I sobered.
There was that word again. How could it be so heavy and so light at the same time? How could four letters, strung together in a certain order, carry such power and substance? It had poured from the very depths of my soul the previous day after Tallus had escaped what I’d perceived as mortal danger. The fear of losing him had consumed me. It was a scary feeling and an even scarier word. But it felt right like nothing in my life had ever felt.
It would take practice to repeat it, but I pulled Tallus against my mouth and told him with my heart instead. Intimacy, affection, and now love.
We were doing all right. I was figuring this out.
***
“Have you found anything?”
Tallus and I sat in the parking lot outside the diner, intending to have a late lunch after a phone call back home.
The wind howled and shook the rental. Dark clouds on the horizon promised a new winter storm before sundown. The forecast called for six inches of snow.
It had taken a song and dance learning how to hook my phone to the rental’s Bluetooth, but the second I sorted it out, I contacted the one person who could help us.
Doyle cursed on the other end of the line. “Why are you harassing me? I can’t do this in five minutes. You know that. I have a call out to the team in Port Hope, but they haven’t got back to me. As for—”
I cut him off. “We know who Ambrose Whitaker is, and the stories are one hundred percent real. The truth is plainly stated in the details of the books, modified enough to maintain anonymity. We didn’t see it until we started properly reading one of them.”
Doyle went silent.
“We can prove it too,” I added. “What I need is backup from the Port Hope police because this motherfucker has tried to take us out twice, and we’re not confronting him alone lest we end up playing the starring role of DBs in his next bestseller.”
“Talk to me.”
I explained what Tallus had found, told him about finding a particular book in Weston’s room after he’d checked it out of the library, about the marked pages we hadn’t read, and our theory that Weston must have put the pieces together as well, landing him in the river.
“It’s too speculative,” Doyle said when I finished.
“It’s not,” Tallus said. “We’ve gotten to know these people in Port Hope. It’s in the details. Ambrose Whitaker tells us all we need to know. We didn’t see it before because the other seven books were less personal.”
“And how are you going to prove it?”
“We’re going to give you another victim, one with a personal attachment to your killer.” Tallus had a cheeky look about him again, and when our gazes met, he winked.
“How? Who?”
I explained. “You’re going to start by finding out if an unidentified woman in her late thirties with blonde hair, wearing a crimson gown and veil, was discovered at Holy Oak cemetery in the past five years.”
“Why unidentified? We have advanced resources that—”
“No fingerprints. They would have been burned off, and her teeth would have been smashed in, so no dental records. Plus, she wouldn’t have been reported missing, so she wouldn’t be on a list.”
“In the past five years?” Doyle asked.
“Yes.
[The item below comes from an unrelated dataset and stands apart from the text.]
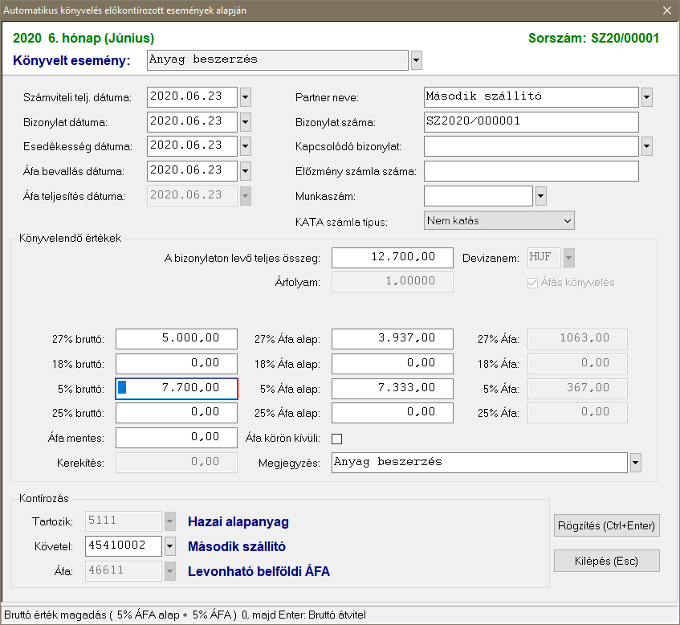 Az összes szükséges adat megadása után a "Rögzítés" gombon enterezve, vagy azon kattintva egy megerősítő kérdést követően rögzíthető a könyvelés. A "Kilépés" vagy az X gombbal egy megerősítő kérdés után a megadott adatok rögzítése nélkül lehet elhagyni az ablakot.

This book was published about three years ago, but we don’t know if our killer does the act then writes the book or writes the book then does the act.”
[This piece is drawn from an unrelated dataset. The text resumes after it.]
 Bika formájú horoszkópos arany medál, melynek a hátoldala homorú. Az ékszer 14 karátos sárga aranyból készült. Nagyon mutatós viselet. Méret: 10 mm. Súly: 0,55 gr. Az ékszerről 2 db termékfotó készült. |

I listened to typing on the other end of the line. “Where the fuck is Holy Oak?”
“It’s an unused cemetery north of Sylvan Glen conservation area not far outside Port Hope. It was established in the late 1800s but ran out of room at the turn of the century, so they closed it. According to my research, less than fifty people were buried there, so my guess is they don’t maintain it anymore. It’s on a county road in the middle of buttfuck nowhere.”
“Okay. Hang on.”
The anticipation in Tallus’s eyes made me reach for his hand. He wanted to be right. I wanted him to be right.
Wewereright. Either the body had been discovered, or it was still rotting away in a place no one had been in years.